Yajun Guo (International Joint Cancer Institute, China and president-elect, ISCGT) talked about his group's work constructing chimeric TCR containing anti-Her2 single-chain variable fragment (scFv) in an LV. T cells are preactivated with anti-CD3, anti-CD28, and IL-2. The group used the mouse breast cancer models D2F2 and 4TI, which are both Her2^–; the human SK-Br-3 breast cancer cell line, which is Her2⁺; and the MCF-7 breast cancer cell line, which is Her 2^–. T cells that were transduced with an scFv-CD28-ζ construct could kill SK-BR-3 and D2F2/E2 (transduced with human Her2) but not the Her2^– MCF7 or D2F2 cell line. The group observed antigen-specific cytotoxicity and cytokine production was triggered by scFv-CD28. Inhibition of tumor growth was observed after transfer of scFv-CD28-ζ-modified T cells. The transduced T cells killed only Her2⁺ cells and therefore they killed D2F2/E2 but not parental D2F2 cells. Mice treated with scFv-CD28-ζ-modified T cells survive rechallenge with D2Fd or D2F2 cells with a frequency of 70 or 100% respectively, at 100 days. However, all controls that did not receive scFv-CD28-ζ T cells died. The group has shown that the memory response, that causes rejection of tumor cells at challenge, involves host T cells because no adoptively transferred T cells remain long term. The response has also been shown to involve both CD4⁺ and CD8⁺ cells. The group used T cells from WT1, pfp^–/–, or FasL^–/– mice but showed that only the WT1 TCR-modified T cells work. The group showed that the killing of tumor cells in vitro by modified T cells requires both IFN-γ and perforin and other cytokines such as TFN-α. Cytokines such as IFN-γ and TNF-α play key roles in the induction of protective and curative immunity.

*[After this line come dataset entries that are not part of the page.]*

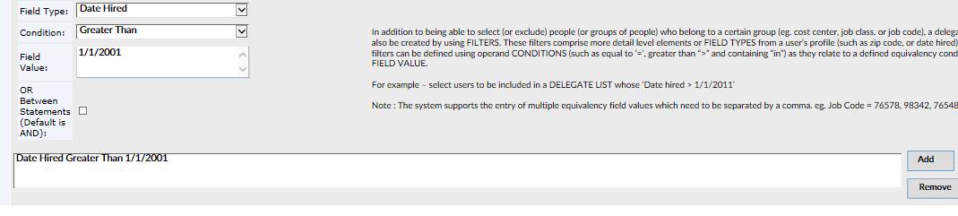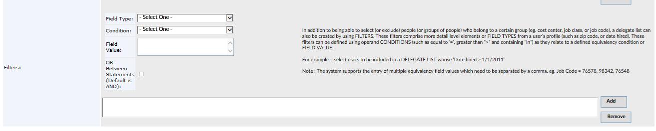 In addition to being able to select (or exclude) people (or groups of people) who belong to a certain group (e.g. cost center, job class, or job code), a delegate list can also be created by using FILTERS. These filters comprise more detail level elements or FIELD TYPES from a user's profile (such as zip code, or date hired).
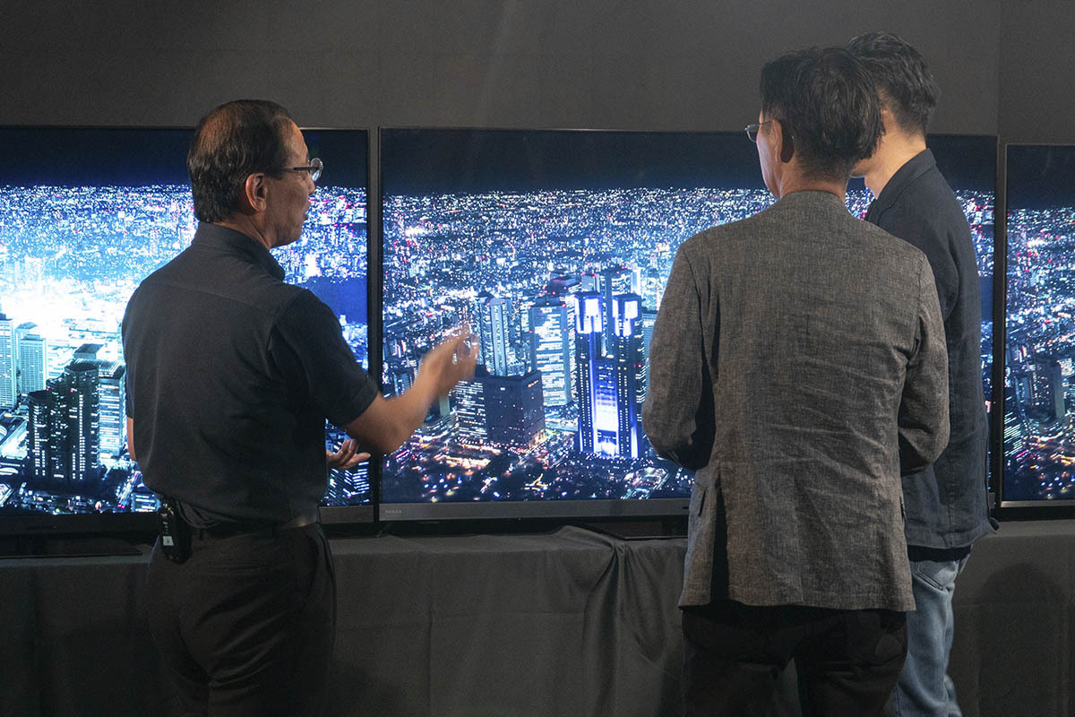 実際に夜景シーンを見比べて「黒の締まりが違う」と本村氏。小岩井さんも「低反射コート搭載の2モデルでは黒がしっかり締まって見えますね」と納得の様子。黒が締まることでコントラストが増し、映像のリアリティが向上するのだという。
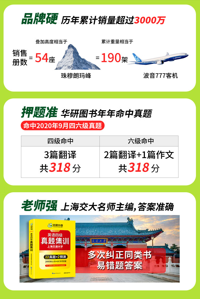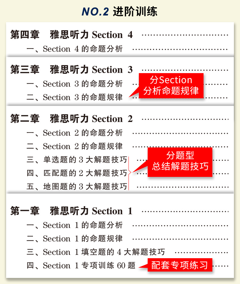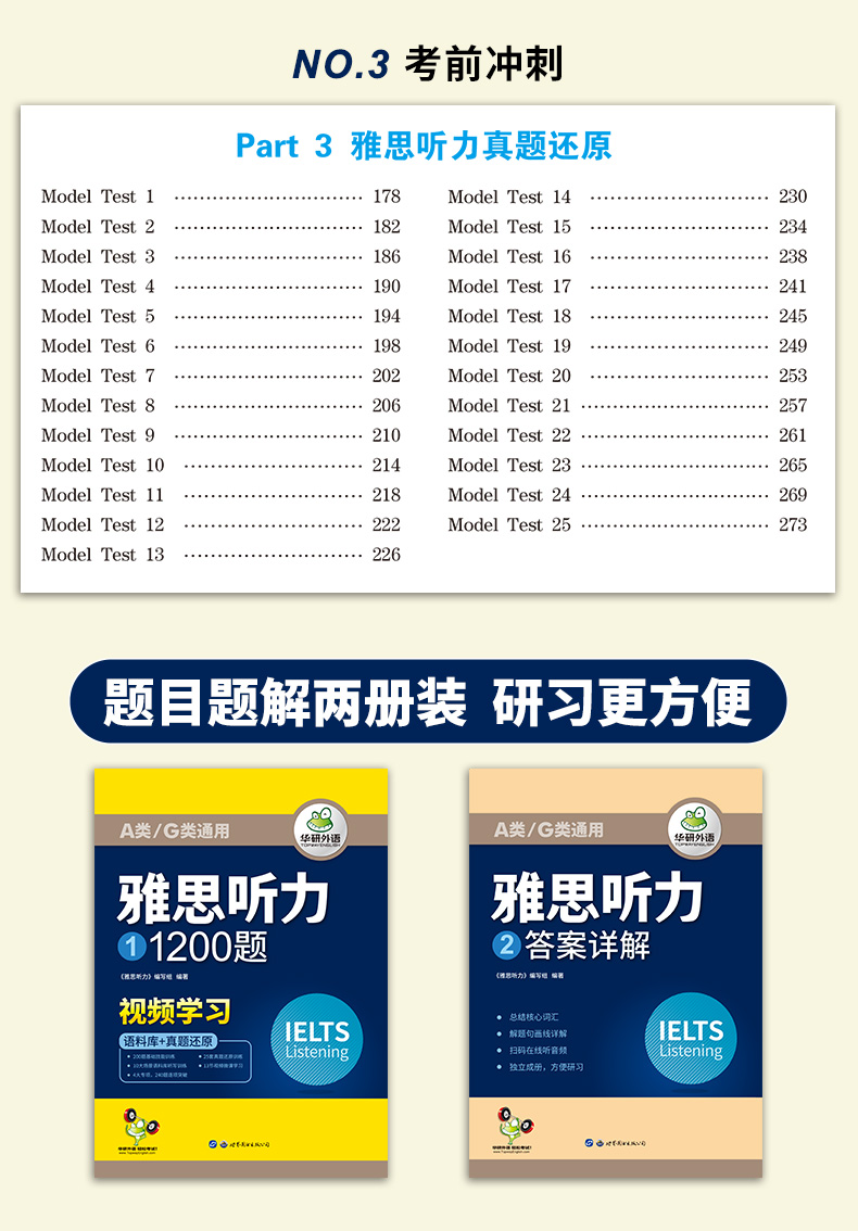 3. 海量训练,包括200题听力基础技能训练、6套专项训练和25套真题还原训练,在海量训练中总结做题技巧和提高分数。

The second strategy described by the Guo group used TAA-activated DC vaccines. The group constructed dimeric receptors containing anti-Her2 scFv. The constructs were either (1) scFv-V_H-link-V_L-Myc-CD8-CD40 or (2) scFv-CD40-V_H-link-V_L-myc-CD8-TM-cytoplasmic CD40, and these constructs were inserted into an AdEasy vector that was transfected into murine DCs. The scFv-CD40 chimeric receptor induced NF-κB-dependent DC activation after ErbB2 stimulation. Costimulatory molecule expression and cytokine release after stimulation with Her2-positive tumor cell stimulation was observed. The Guo group showed that the vaccine was functional with scFv-CD40 DCs, causing 60% cell death compared with 10–15% of DCs transfected with DF2 alone. The group could show scFv-CD40 DCs in the tumor and draining LNs, whereas scFv-CD40 was found only in the tumor and not in the draining LNs. They also found D2F2/E2 cells transduced with scFv-CD40 in the tumor but not D2F2 cells transduced with scFv-CD40. They also showed that the antitumor immunity induced by these DCs is mediated by CD4⁺ and CD8⁺ cells and that specific CTLs could be induced in vitro.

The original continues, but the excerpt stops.